Menghormati Simbol Agama Lain dalam Al-Qur’an

Media sosial sedang ramai membincang Ustadz Abdul Somad (UAS) yang berujar tentang salib, simbol agama yang dihormati oleh umat kristiani. Kelakar UAS tentang salib mendapatkan banyak respon dari banyak kalangan, ada yang pro dan kontra. Namun, belakangan muncul pula video klarifikasinya dari beliau.
Di salah satu tabligh akbar peringatan HUT Kemerdekaan RI, UAS mengatakan tiga alasan terkait videonya tersebut. Pertama, konteks video itu adalah menjawab pertanyaan bukan dibuat-buat untuk merusak hubungan antar agama. Kedua, pengajiannya di dalam Masjid tertutup, bukan di stadion maupun di televisi, untuk internal orang Islam menjelaskan tentang patung dan kedudukan Nabi Isa as. Ketiga, pengajiannya sudah lama, lebih dari tiga tahun yang lalu.
Pertanyaannya kemudian bagaimana al-Quran sebenarnya menyikapi perbedaan agama dan menghormati simbol agama lain? Kita bisa melihat jawabannya dalam Q.S al-An’am [6]: 108,
 وَلَا تَسُبُّوا الَّذِينَ يَدْعُونَ مِنْ دُونِ اللَّهِ فَيَسُبُّوا اللَّهَ عَدْوًا بِغَيْرِ عِلْمٍ كَذَلِكَ زَيَّنَّا لِكُلِّ أُمَّةٍ عَمَلَهُمْ ثُمَّ إِلَى رَبِّهِمْ مَرْجِعُهُمْ فَيُنَبِّئُهُمْ بِمَا كَانُوا يَعْمَلُون
“Dan janganlah kalian menghina sesembahan yang mereka sembah selain Allah, karena boleh jadi mereka menghina Allah tanpa dasar pengetahuan. Demikianlah, Kami jadikan bagi setiap umat anggapan baik terhadap pekerjaan mereka. Kemudian kepada Tuhan tempat kembali mereka, lalu Dia akan memberitahukan kepada mereka apa yang telah mereka kerjakan.”

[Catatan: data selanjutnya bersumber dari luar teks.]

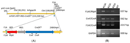 Construction map and genotyping of F1A-CreERT2 transgenic mice. (A) Construction map of F1A-CreERT2 transgenic mice. The transgene of F1A-RFP-IRES-CreERT2 was constructed using mouse Fgf1A promoter including Fgf1A promoter sequence comprising 127.7 kb of upstream sequences, followed by 714 bp of RFP gene sequences, 536 bp of IRES gene sequences, and 2001 bp CreERT2 sequences. Primers designed for genotyping: F1AF, RfpR, CreF and CreR. (B) Genotyping results of three F1A-CreERT2 founders: #13A, #22A and #25A. The amplicon of primer F1AF/RfpR is 537 bp; F1AF/CreR is 2,217 bp, and CreF/CreR is 562 bp.

Mengenai ayat di atas Syekh al-Maraghi dalam kitab tafsirnya mengatakan bahwa al-Qur’an melarang umat muslim menghina sesembahan dan simbol agama lain dikarenakan hal tersebut adalah perbuatan sia-sia, tidak manfaat (jalb naf’) dan juga mencegah sesuatu yang tidak diinginkan (daf’ dharar). Oleh karenanya, segala bentuk penghinaan atau menyinggung agama lain di luar Islam tidak dibenarkan.
Menurut penulis, dalam konteks Indonesia sebagai negara yang majemuk yang menjungjung tinggi bhinneka tunggal ika, para pendakwah harus menghindari polemik dalam berdakwah. Selain kurang elok, juga dapat merenggangkan persahabatan antar saudara sesama anak bangsa.
Dialog Antara agama dan pertemuan-pertemuan sesama anak bangsa yang berbeda (Inter-Religious Dialogue) perlu dilakukan oleh para da’i dan ustadz, sehingga merasakan langsung bagaimana melihat agama lain dengan perspektif yang berbeda. Memahami agama lain dengan perspektif penganutnya lebih dibutuhkan dalam konteks Indonesia, dibandingkan dengan pandangan subyektif menurut agamanya sendiri.